Brad – my American colleague with whom I recently rode around Normandy – got to know Paul well from our carrying him home out of the ditch where he’d collapsed in a fit, Brad keeping him sentient and sobering him up by arguing the cubic-inch capacities of 1950s/60s-era American fins-and-chrome supercars; not that I am a judge, but I gather they both did rather well in their mutual popquiz.

This evening I met Justine and Terry; in fact, “met” is probably the wrong word. For the first half of the evening Justine entertained the other pub regulars with Broadway-esque renditions of popular songs. It would have been hard to not acknowledge her existence. Barely a few hours later, I sat in the lower public bar, flicking idly through the pages of the MP3 jukebox, only to be bounced upon by her tiddly self, followed by Terry, her butcher apparent, wet, mildly drunk and proprietorial boyfriend.

(boing) hello sorry to bother you we want to put some music on the jukebox something fun and bouncy and which everyone can sing along to i’m justine by the way / hello i’m terry / hello justine hello terry i’m alec what do you do / i’m a butcher / what locally / a few miles up the road / oh you must be at graves’ / how do you work this thing / what are you looking for / singalong music / such as / anything good, really

…leading to several minutes of being the only one adequately sober enough (amongst three) to work out how to drive the user interface, followed by a litany of Queen, Coldplay, Beatles and Bobby Darin singing Mack the Knife.

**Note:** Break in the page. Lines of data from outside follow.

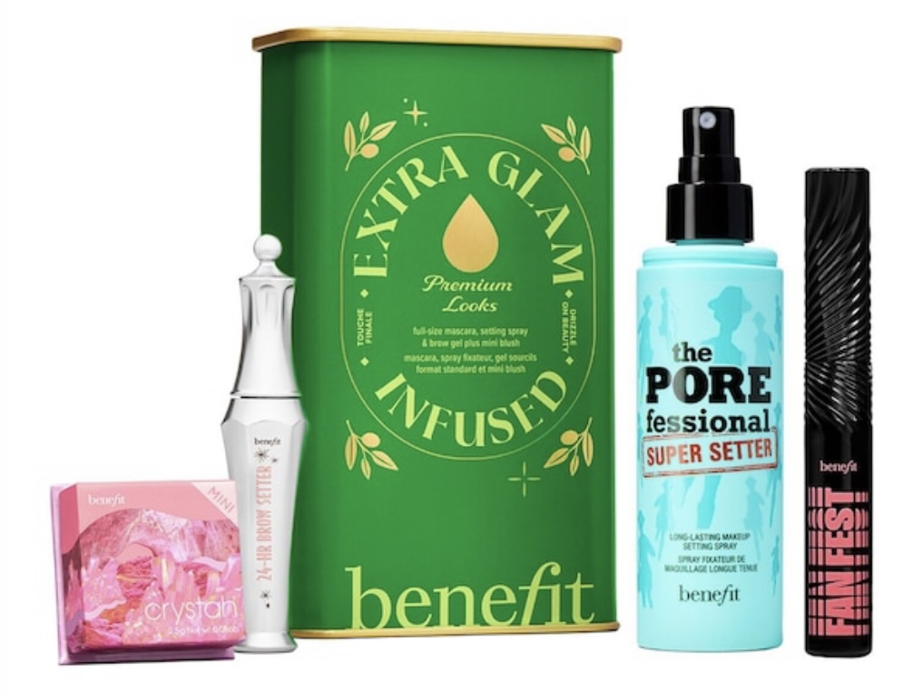 El estuche de maquillaje Extra Glam Infused de Benefit incluye una máscara de pestañas, un spray fijador, un gel para cejas y un rubor.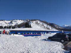 越後中里駅前のゲレンデと、 ブルートレイン 休憩所が有り、 駐車場、ゲレンデまでのアプローチがとても安全楽々なのが、 湯沢中里スノーリゾートの 特徴ですねー。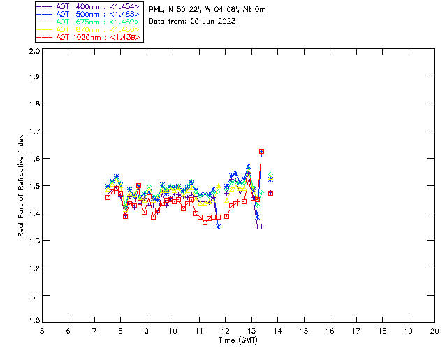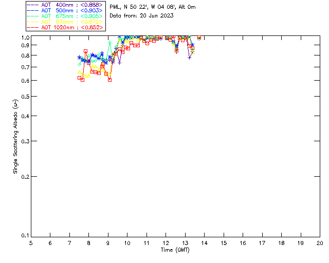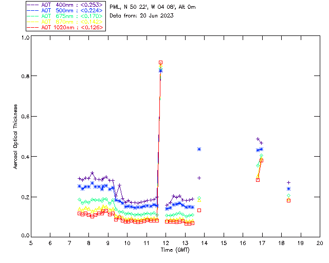 In May 2001 a PREDE POM01-L was installed on the roof of the Plymouth Marine Laboratory to continue the atmospheric correction research of the PML Remote Sensing Group. This was to replace the AERONET CIMEL sunphotometer situated at Rame Head which was decommissioned in 1999. The instrument operates at 7 wavelengths (315, 400, 500, 670, 870, 940 and 1020nm) and scans at pre-set angles away from the solar disk to determine, using the inversion code of Nakajima et al. (2006), various properties of tiny particles called aerosols within the atmospheric column. From these measurements useful atmospheric aerosol parameters such as the Aerosol Optical Thickness (AOT), aerosol size distribution and single scattering albedo can be calculated. Marine aerosols tend to be bigger (D > 1µm) than those generated over the land (0.01 < D < 1µm) and are of a different chemical composition; marine aerosols are salt particles whereas terrestrial aerosols are sulphate compounds.

There’s a thought for a SunLabs project – Java APIs for user-interfaces which are not merely droolproof, but also which can still be comprehended and operated when the user is out of their skull on lager. Terry stopped in the public bar like some sort of Jack Davenport character – mild, pleasant, feckless – whilst Justine headed for the loos. 30 minutes later I likewise headed for the other bar to find her chatting to its other, older denizens, without a care in the world.

I made no excuses, left, and came home.

[1] some names changed. reason self-evident.

Comments

4 responses to “the barmaid down my local is a buffy clone…”

  1. 193.62.83.153
    re: the barmaid down my local is a buffy clone…

    I think the several pints of lager test should be run at most UI’s. User Interface is still one of the most poorly designed aspects of software. Some thought goes in, but often not enough serious effort to produce something good.

  2. xencat
    re: the barmaid down my local is a buffy clone…

    Should have left my name with that one. 🙂

  3. 163.1.22.53
    re: the barmaid down my local is a buffy clone…

    Well, UI’s for drunkards should give no more than two choices, with BIG buttons containing no more than one word on them, preferably single sylable.

    The default, or preferred choice for getting something, anything to happen should also flash in garish colours with words in huge type and an arrow saying “Press this one.”

  4. alecm
    re: the barmaid down my local is a buffy clone…

    actually, that’s a pretty good description of the “confirm” screen, when you affirm that you want to play that track… 😎

    the rest of the buttons are rather small and do not stand out as such.